Monday, February 8, 2016

Q4 Update on Taxi Medallion Lender Progressive CU

Despite the growth of bad taxi medallion loans, Progressive Credit Union (New York, NY) built loan loss reserves and maintained its large capital cushion. This gives the credit union the strength to ride out the disruptions impacting the taxi industry.

In the last quarter of 2015, Progressive CU increased its provisions for loan losses by $9 million to almost $16.3 million. This increase in provisions caused the credit union's allowance for loan and lease losses to grow from $12.86 million as of September 2015 to $21.8 million at the end of 2015.

Progressive CU reported a strong capital position of $268.5 million at the end of 2015. As a result, its net worth ratio at the end of 2015 was 40.91 percent -- up from 38.83 percent a year earlier. This lack of leverage at Progressive CU means it currently has the capacity to manage defaulting taxi medallion loans.

Asset quality at the $665 million credit union deteriorated during the fourth quarter.
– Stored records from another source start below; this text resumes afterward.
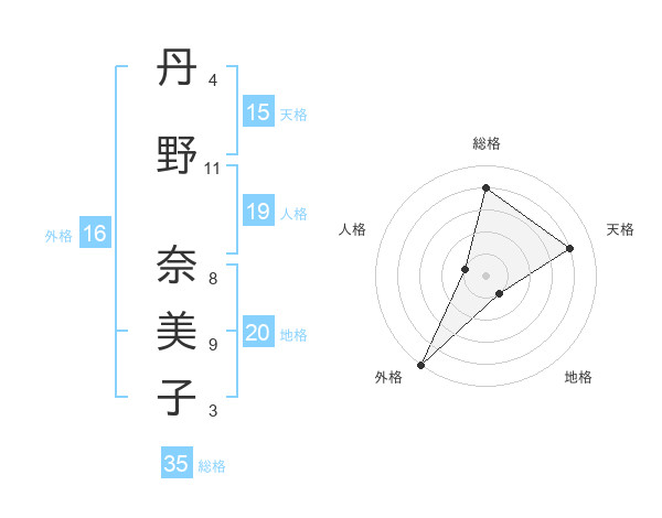 丹野 奈美子さんを姓名の画数から五運を鑑定
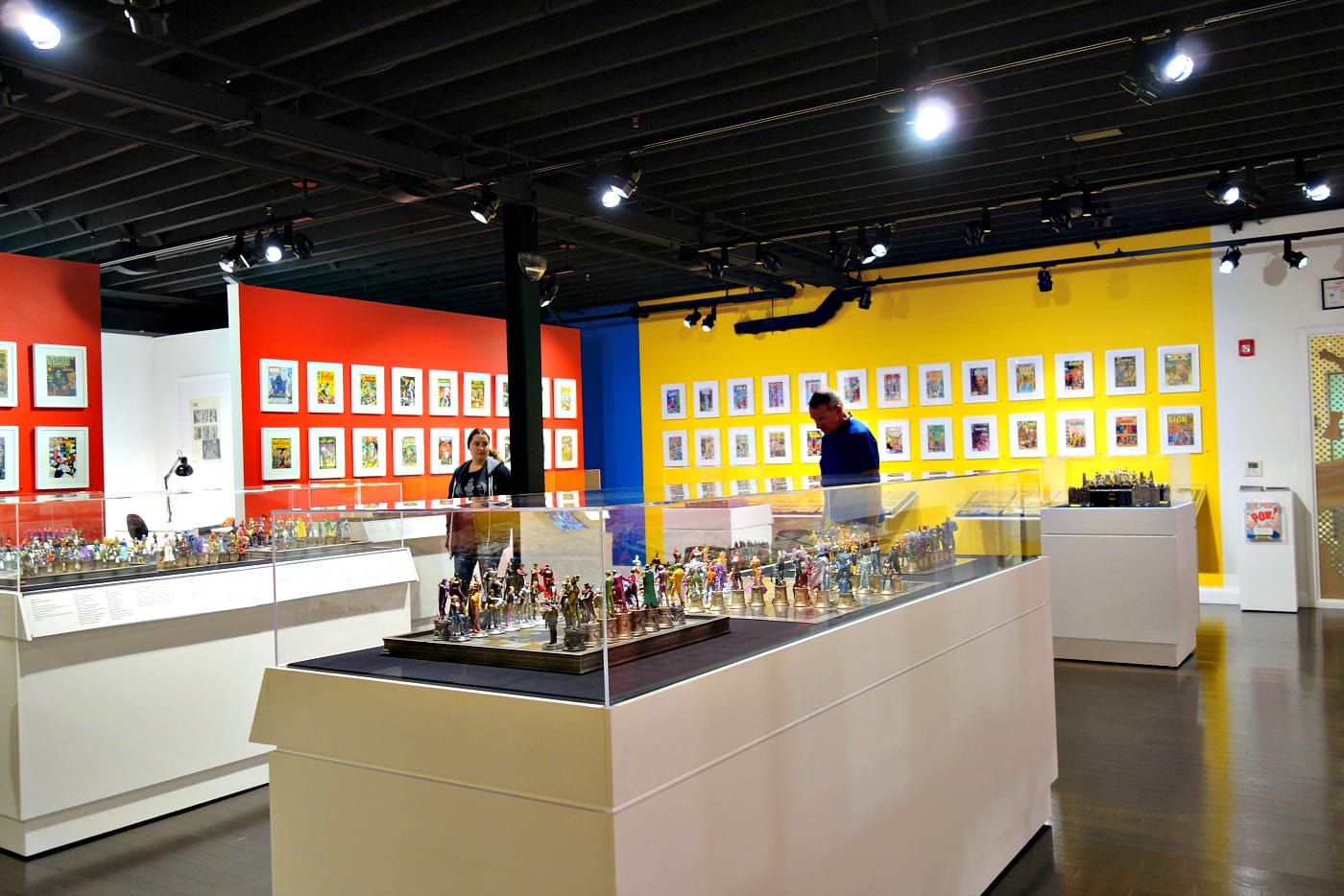 Bailey organized POW! Capturing Superheroes, Chess & Comics now at WCHOF, a nonprofit institution that explores the connections between art and chess in its programming. Founded in 1986 by the United States Chess Federation, WCHCOF opened in St. Louis’s Central West End neighborhood in 2011, following the closure of its Miami museum in 2009. Recent exhibitions range from Designing Chessmen on the imagery of chess, to chess during World War II and the games designs of Michael Graves. WCHCOF is active as a collecting institution, and since POW! opened in March, collectors Floyd and Bernice Sarisohn — whose memorabilia and ephemera form the foundation of the exhibition — have decided to donate their comic books and related sets.
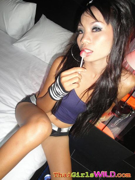 Thai Girls Wild: Hot Thai slut named Well sucks a lolipop then strips for pictures
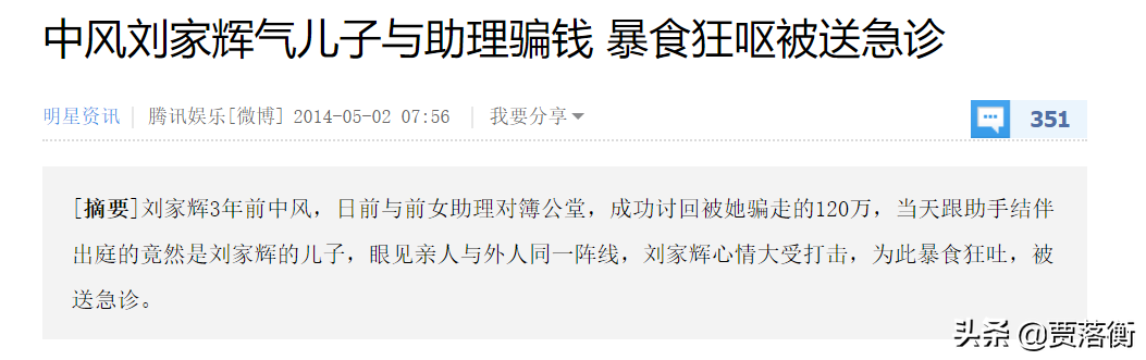 不过这不是最让刘家辉伤心的,直接击败刘家辉内心防线的是刘家辉的两任妻子都不曾来医院探望过他。甚至有传闻说他的第二任妻子马飞凤觊觎他的百万财产
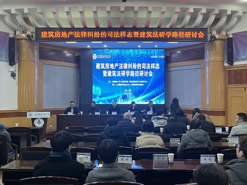 本网讯 近日,安徽建筑大学2023年易海法学论坛在北区建树楼三楼报告厅顺利召开。本次会议由公共管理学院和安徽省建筑房地产法律研究中心主办,公管学院校友分会、法律协会承办,论坛聚焦学校法学专业特色,以“建筑房地产法律纠纷的司法样态暨建筑法研学路径研讨”为主题,邀请了安徽省高级人民法院高级法官王依胜作主旨报告,校友工作处、公管学院、建筑房地产法律研究中心相关领导,来自公检法系统、律所、省直机关等校友,校内法学专业师生共80多人参加了本次会议。
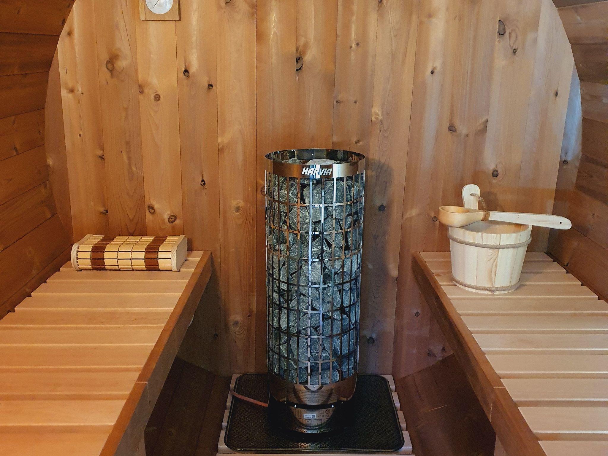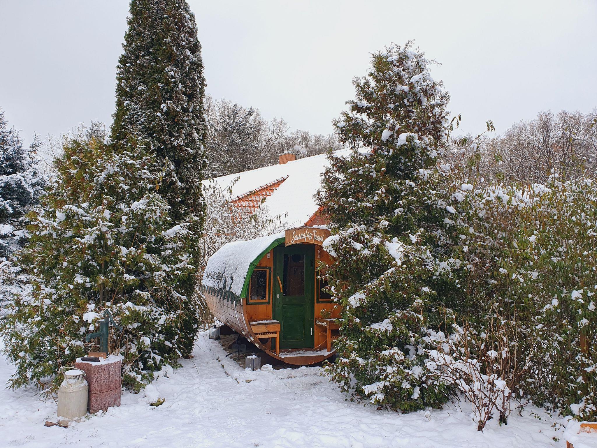 Abgerundet wird das ganze durch eine große überdachte Terrasse mit Strandkorb & vielen Sitzgelegenheiten (mit (Vor-)Mittagssonne für gemütliches Frühstücken draußen), 2 Parkplätze am Haus (weitere Parkplätze kostenfrei 5 Min. zu Fuß) & einen eingezäunten grünen sonnigen Garten mit Sitzgelegenheiten, Liegen, Sandkasten, Feuerstelle, Hollywoodschaukel & Fahrradständern (gemeinsame Nutzung mit Ferienhaus Milena nebenan). Abends lädt der steinerne Grillkamin mit angrenzender überdachter Picknicklaube zum Barbecue ein. Im Garten befindet sich auch unser großes Sauna-Fass Taavi. Die Nutzung erfolgt in Absprache mit dem Ferienhaus Milena nebenan. Das Fass hat einen separaten Vorraum zum Umziehen und Ausruhen und einen großen Saunaraum mit 2 langen Liegen.
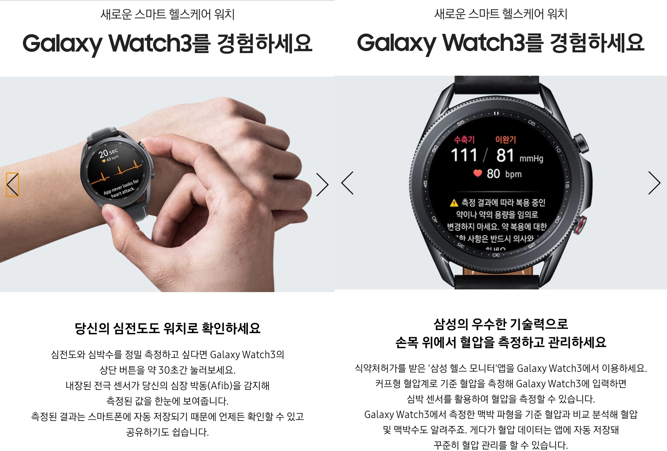 이번 갤럭시 워치3가 강조하는 기능은 헬스 케어 입니다.
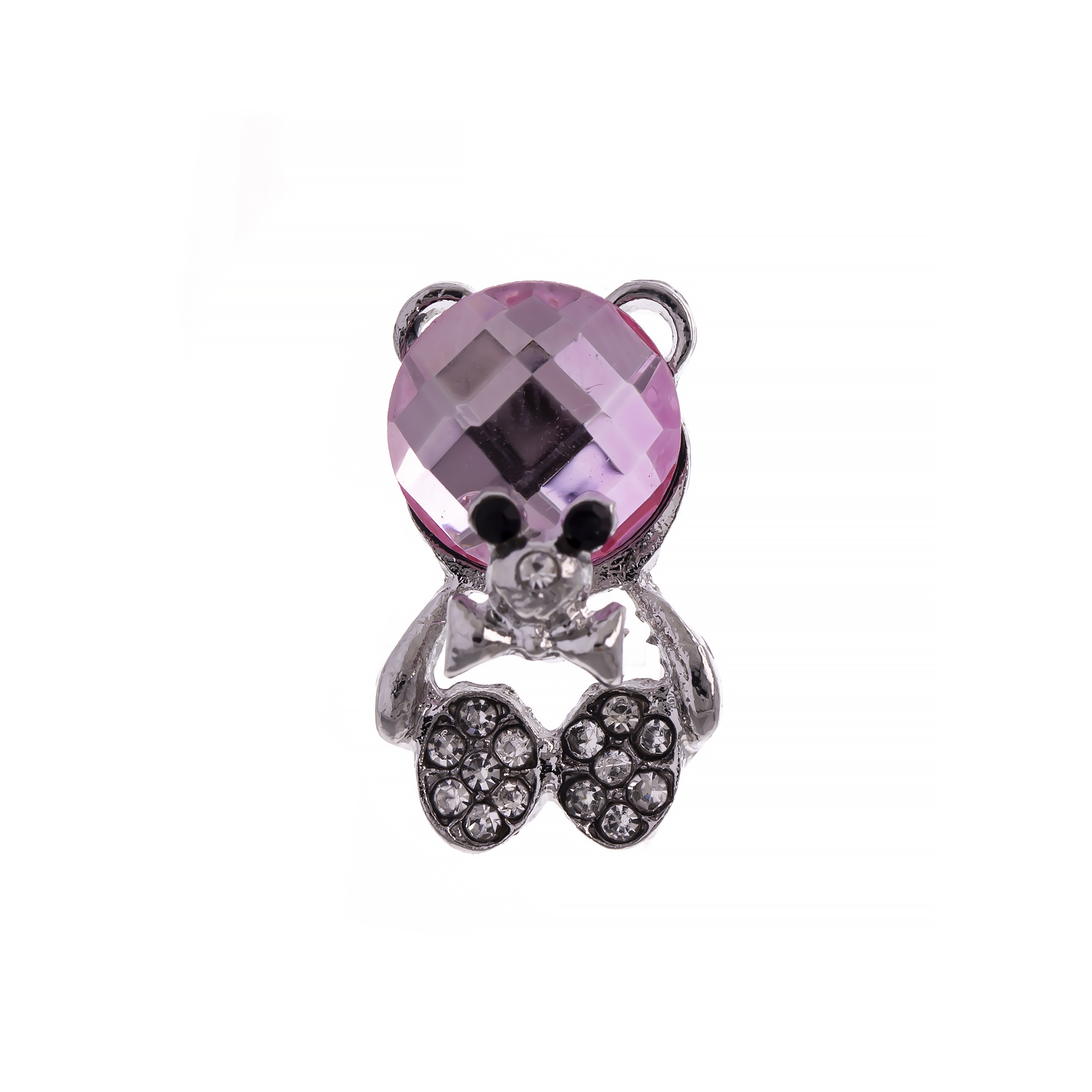Broșă Pin Luna Ursuleț Argintiu cu Piatră Roz
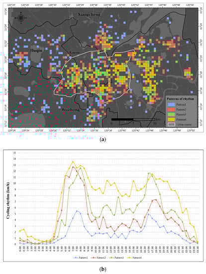 In this study, temporal multilayer characteristics of the cycling rhythm refer to the temporal rhythm patterns and ultrafine difference by special turning points. For the coarser-grained rhythm of variation, the spatiotemporal clustering method is able to provide a list of rhythmic patterns for a finer category. Four cycling rhythmic patterns with similar spatial and temporal rules were identified. As shown in Figure 10a, the distribution of these rhythmic patterns has remarkable overall spatial regularity. The cycling rhythm for Pattern 1 is located in the peripheral area of the city, especially in the west and north. In contrast, the cycling rhythm for Pattern 3 is concentrated on the west side of the city center, which belongs to the old city. The cycling rhythm for Pattern 4 is located in the east of the central city and shows a more remarkable agglomeration in distribution. Moreover, the cycling rhythm for Pattern 2 is widely distributed in the rural–urban continuum of the city and has small-range aggregation features.
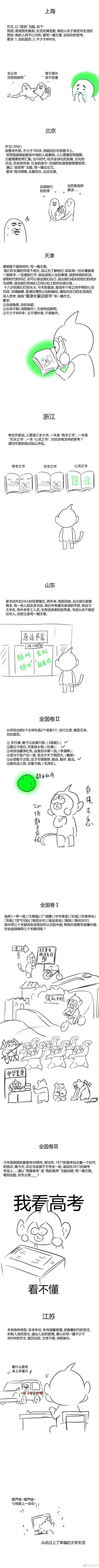 6月7日,全国高考进行时,很多人认为高考是人生最重要的考试。因为高考的重要程度,也成为全民关注的话题。每年的高考来临,首先要被讨论一番的就是高考作文。今年各地高考作文也是五花八门,很多人笑言,槽点很多呀。看完今年的高考作文(见下图),你有哪些要说的?你参加高考那年的作文题目是什么?欢迎底部分享。

Delinquent loans at Progressive Credit Union grew by $14.3 million during the quarter to $20.8 million at the end of 2015. This more than tripling of delinquent loans caused the delinquency ratio to jump from 1.05 percent as of September 30, 2015 to 3.45 percent at the end of 2015.

The credit union also reported almost doubling of troubled debt restructured (TDR) loans during the fourth quarter to $47.9 million as of December 2015. TDR loans represented 17.58 percent of the credit union's net worth.

The good news for Progressive is that the pipeline of early delinquencies fell during the fourth quarter from almost $13.5 million at the end of the third quarter to approximately $9.9 million as of December 2015.

Progressive's coverage ratio (allowance for loan and lease losses to delinquent loans) was 104.89 percent at the end of 2015. This means that all loans 60 days delinquent or more could be completely written off and Progressive would still have some leftover loan loss reserves.